まずは当該順位を上げていくことを、政府の指標としているラオスは、2018 年頃からラオスの投資環境に関する改善に対して、力を入れています。
しかしながら、実際に手続を簡易化するために発令されている法令と、
実務上の機能が大きく乖離してしまっている部分もまだ存在していて、
商務省や、ワンストップセンターの担当官の処理能力が不足している点を計画投資省大臣は懸念しており、この部分の改革に力を入れています。
また、2020 年に国内の投資に対して発行された「事業開始手続第0 115 号」は、
今までの煩雑な申請プロセスが明確に簡易化される内容として発令されているため、今後ラオスへの投資が増加することを政府は期待しています。
ラオス投資奨励法(2009 年)によると、ラオスでの投資形態は主に下記の3 つに分類されます。
- 国内資本もしくは外国資本による単独での出資
- 合弁投資(国内資本かつ外国資本)
- 業務提携(契約による関係性)
業務提携に関しては、法人、支店は設立しないで行う投資形態とな ります。
事業拠点の特徴としては、“タイプラスワン” や “チャイナプラスワン” として、
製造業拠点、販売拠点などを構える企業が主であり、ラオス単体で事業を確立していく企業などは、
コンセッション事業や建設業を除いて、まだまだ少ない傾向にあります。
■進出の形態
外国企業がラオスでビジネスをする際、設立形態としては、以下の の5 つの方法が存在します。
- 非公開会社(有限責任会社、一人有限責任会社)
- 駐在員事務所
- 支店
- パートナーシップ(業務提携)
- 公開会社
この中で、一般的に検討される設立形態としては、“非公開会社の設立” もしくは、“駐在員事務所” の設立が存在します。

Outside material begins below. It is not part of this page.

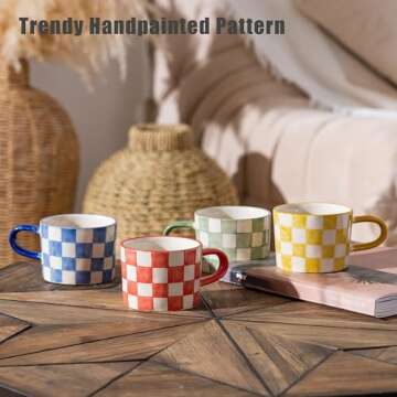 Show more Introducing the perfect addition to your kitchenware, the exquisite TERESA'S TEASET Coffee Mug Set. This vibrant set features 4 uniquely hand-painted mugs, each showcasing a delightful checkerboard pattern that is sure to brighten your day. Crafted from high-quality ceramic, these mugs are not just visually appealing but also safe for daily use as they are lead and cadmium-free. Whether it's for your morning coffee, evening tea, or a refreshing juice, these 10 oz mugs are versatile enough for all your beverage needs.

支店といった形態での設立もありますが、支店として開設が認可されるのは、ご く限られた事業のみのため、
通常設立の際の形態として、支店が検討 事項に挙がることはほとんどありません。
また、日系企業が公開会社 として進出することは、一般的に検討されることは少ないです。
【進出企業の形態】
■現地法人
■株式会社
株式会社は、すべての株主が有限責任を負う会社形態で、公開会社と非公開会社に分けられます。
•非公開会社(Limited Company)
•公開会社(Public Company)
ラオスの会社法上、株式の譲渡制限のある会社を非公開会社といい、株主数は2名以上30 名以下でなければなりません。
また、1名の株主によって出資される会社を一人有限責任会社(Sole Limited Company)といいます(会社法3 条、本項では以下、同法に基づくものとします)。
一人有限責任会社と非公開会社はいずれも、株式の 譲渡制限があり、一人有限責任会社と非公開会社は運営上ほとんど違 いがありませんが、
一人有限責任会社の場合、社名に「Sole」という 呼称を入れる必要があります。
また、出資者が法人の場合は、申請の際に一人有限責任会社として認められません。
法人株主がいる場合には、2 名以上の株主を用意して非公開会社の設立を行う必要があります。
一方、公開会社の場合、最低株主数は9 名以上となります(3 条)。
また、株式の譲渡制限はなく、社債の発行が可能とされています。
■パートナーシップ(Partnership)
パートナーシップとは、「利益を確保する目的で、2人以上の人または企業が契約に基づいて結合し、形成した共同事業体」と定義されており、出資者の責任の範囲により2種類に分類されています(2条)。
•普通パートナーシップ(General Partnership)
•有限パートナーシップ(Limited Partnership)
普通パートナーシップとは、すべての社員(出資者)が無限責任(社員の責任が出資額に限定されない)を負う形態であり、日本の合名会社に相当します。
無限責任が前提であることから、日本で合名会社がほとんど利用されていないのと同様に、ラオスでもほとんど利用されていません。
一方、有限パートナーシップとは、無限責任社員と有限責任社員(社員の責任が出資額に限定される)で構成されるパートナーシップをいいます。「有限(Limited)」とありますので、社員すべてが有限責任のような印象がありますが、日本の合資会社に近い会社形態です。
■現地法人以外の進出形態
■駐在員事務所
駐在員事務所は、直接の営利活動を行うことはできません。以下のような事業活動を行うことができます。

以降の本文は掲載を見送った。